Considering both the unprecedented rate of climate change and wide-reaching nature of anticipated impacts, achieving meaningful reductions in greenhouse gas emissions is paramount. When it comes to finding sustainable solutions to this complex problem, nuclear power sounds easy and obvious. But before doubling down on this particular solution, a more complete picture must be painted to portray all of climate change’s potential impacts on this apparent silver bullet. In the end, it may become clear that an easy and obvious solution does not exist.

Note: The views expressed in this article are those of the authors
and do not necessarily reflect those of the Department of Defense,
U.S. Army War College, or Princeton University.

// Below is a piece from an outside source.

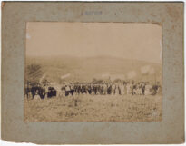 Grupo de pessoas da Colônia Russa de Rio Novo, em Orleans, Santa Catarina, em 06 de junho de 1903. A imagem apresenta uma composição organizada em planos horizontais, com o grupo posicionado no plano médio sobre um terreno com vegetação rasteira e densa.
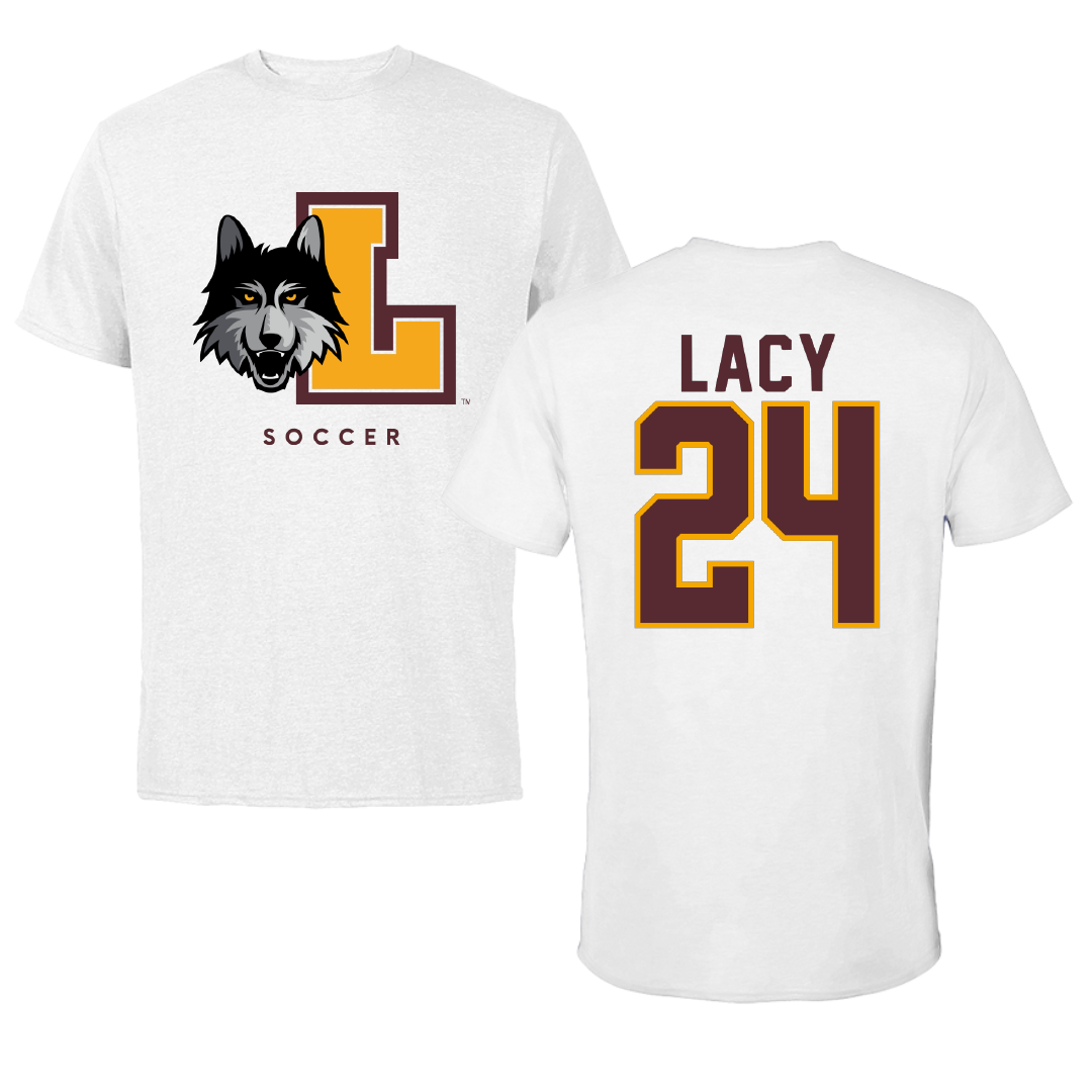 Loyola University-Chicago Soccer White Performance Tee - #24 Charlie Lacy

 1. Labowski, K., “EXECUTIVE PERSPECTIVE: Nuclear Power’s Cloudy Future in the Era of Climate Change.”  Sustainability, Thomson Reuters, 11 June 2018.
2. “Special Report 1.5 Degrees”, Intergovernmental Report on Climate Change.
3. “The Paris Agreement” UNFCCC, United Nations, 20 April 2018.
4. Smith, Ryan D. “Connecticut CMIP5 2M Precipitation Projection for 2050 Under RCP 4.5.” November 2017. 14th Weather Squadron, Asheville, North Carolina.
5. “Climate Change Risk Vulnerability, Risk Assessment, and Adaptation Study, Waterford, Connecticut.” Kleinfelder Northeast, Inc., 18 September 2017.
6. Smith, Ryan D. “Tennessee CMIP5 2M Temperature Projection for 2050 Under RCP 4.5.” November 2017. 14th Weather Squadron, Asheville, North Carolina.
7. Pachauri, R.K and Reisinger, A. (Eds.) “Contribution of Working Groups I, II and III to the Fourth Assessment Report of the Intergovernmental Panel on Climate Change” IPCC, Geneva, Switzerland. pp 104
8. Tennessee River Drought Management Plan 2007,
9. NRC Datasets, United States Nuclear Regulatory Commission. 15 September 2017.
10.”Nuclear Posture Review”, U.S.Department of Defense. February 2018.